Congrats for your send to ”Ekoterrori, 7c” at Angelniemi. You tried it first time 2010, was it a big relief to send it now 🙂 ?
Thank you, and of course yes! Its great to break through into a higher grade and it’s a reward for the greater focus on climbing that I’ve had recently. Mainly though it´s just a relief that I can walk past it without thinking I must really try it again! I’d try the route maybe once a year, or every couple of years, and kept thinking it would go. This year, with some focus on getting stronger, a couple of 7b’s done and some slightly different beta the moves felt OK, so it was just a matter of getting on the sharp end.
Ekoterrori is your hardest send so far (or is it)? You’re now 59, how is it possible to peak at this age?

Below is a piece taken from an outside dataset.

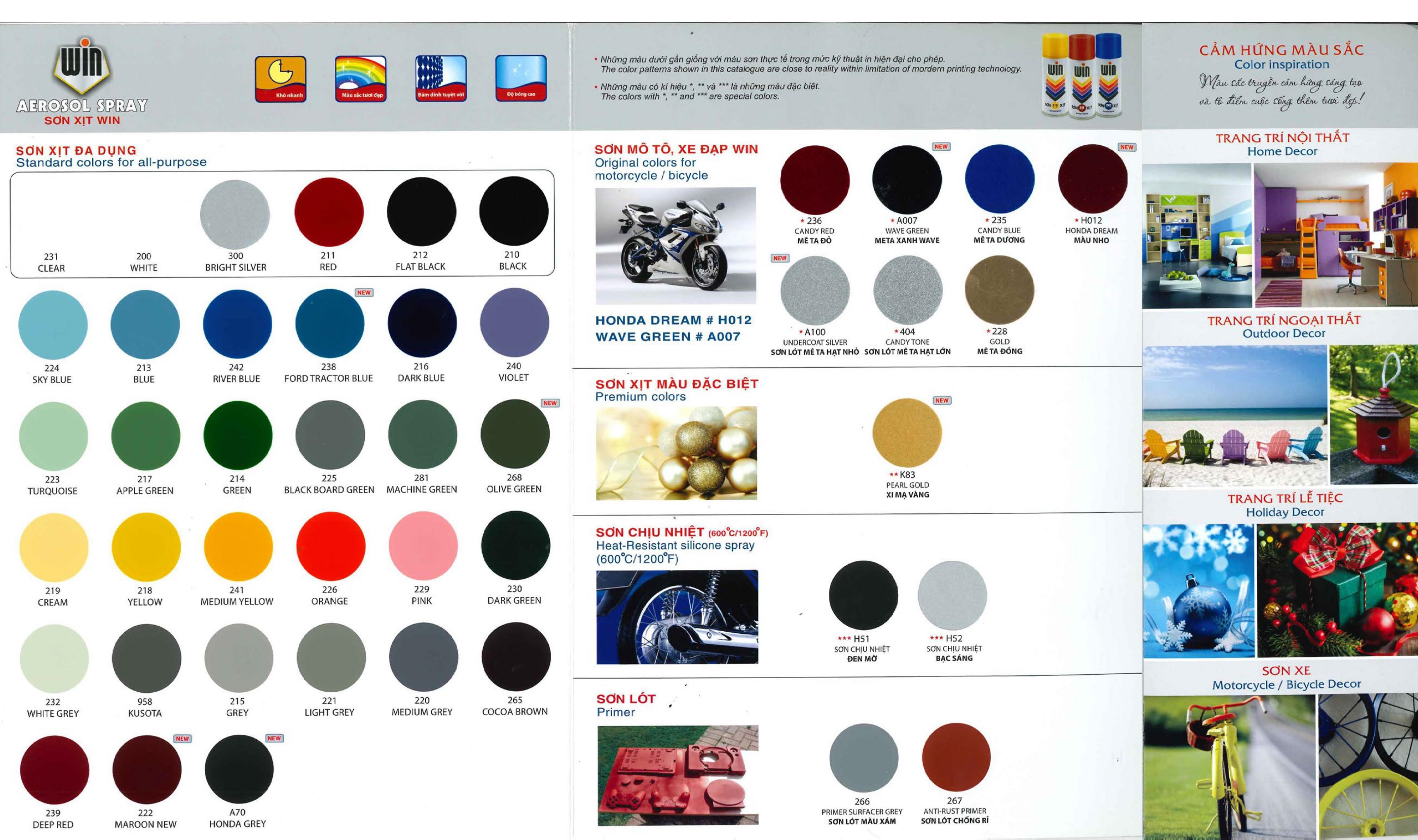 - Khô hoàn toàn:Sau 1 giờ Một số mã màu sơn xịt Win khác: Clear 231(Không màu); màu trắng white 200; màu bạc bright silver; màu đỏ 211 red; màu đen mờ flat black 212; màu đen black 210; màu xanh 224 sky blue; màu xanh 213; màu xanh river blue 242; màu xanh ford tractor blue 238; màu xanh đen dark blue 216; màu tím 240 violet; turquoise 223; màu xanh apple green 217; màu xanh green 214; màu black board green 225; machine green 281; olive green 268; màu kem 219 cream; màu vàng yellow 218; màu vàng medium yellow 241 màu cam 226 orange; màu hồng pink 229; màu xanh đen dark green 230; màu trắng xám 232; màu xám kusota 958; màu xám grey 215; màu xám sáng light grey 221; màu xám medium grey 220; màu nâu cocoa brown 265; màu đỏ deep red 239; màu maroon new 222; màu grey A70 Sơn xe mô tô, xe máy, xe đạp WIN: Màu mêta đỏ candy red 236; màu meta xanh wave green A007; màu meta xanh dương candy blue 235; Màu nho dream H012; Sơn nhũ bạc meta hat nhỏ undercoat silver A100; sơn nhũ bạc mê ta hạt lớn candy tone 404 màu candy green 234; màu mêta đồng gold 228. Sơn xịt màu đặc biệt: Màu xi mạ vàng K83 Pearl gold Sơn xịt chịu nhiệt(600 độ C/ 1200 độ F): Sơn chịu nhiệt đen mờ H51, sơn chịu nhiệt bạc sáng H52 Sơn lót chống rỉ: Sơn lót màu xám primer surfacer grey 266; sơn lót chống rỉ màu đỏ chu Anti-rust primer 267. HƯỚNG DẪN THI CÔNG:
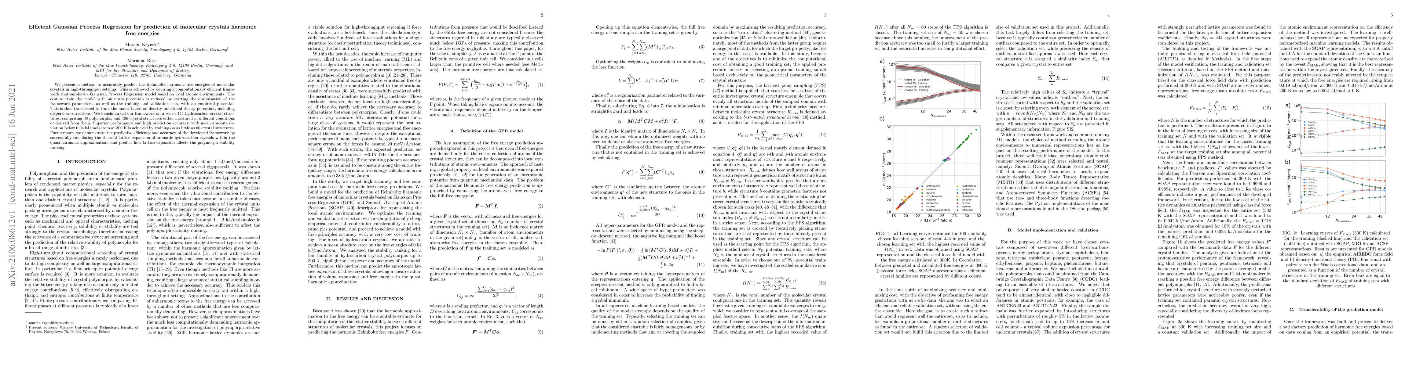 This research paper presents a method to predict molecular crystal harmonic free energies efficiently using Gaussian Process Regression, achieving high accuracy with minimal training data. The framework is demonstrated on 444 hydrocarbon crystal structures, showing superior performance in predicting thermal lattice expansion and polymorph stability.

Who’s saying peaked?! I’ve climbed for many years now and never had a long break from the sport, plus I’ve always kept pretty fit in other ways and my weight has stayed the same for decades so I’ve got the basic tools to climb hard still. Recently I’ve been climbing with some younger climbers who have been training and pushing hard and that has been inspiring to follow and try and emulate. And with working less I’ve had more time to climb, go on climbing trips, get fitter and find the drive to try and climb harder, mainly because it´s now or never! So the basic message is that it´s still very much possible to push hard at this age.
How and where do you train?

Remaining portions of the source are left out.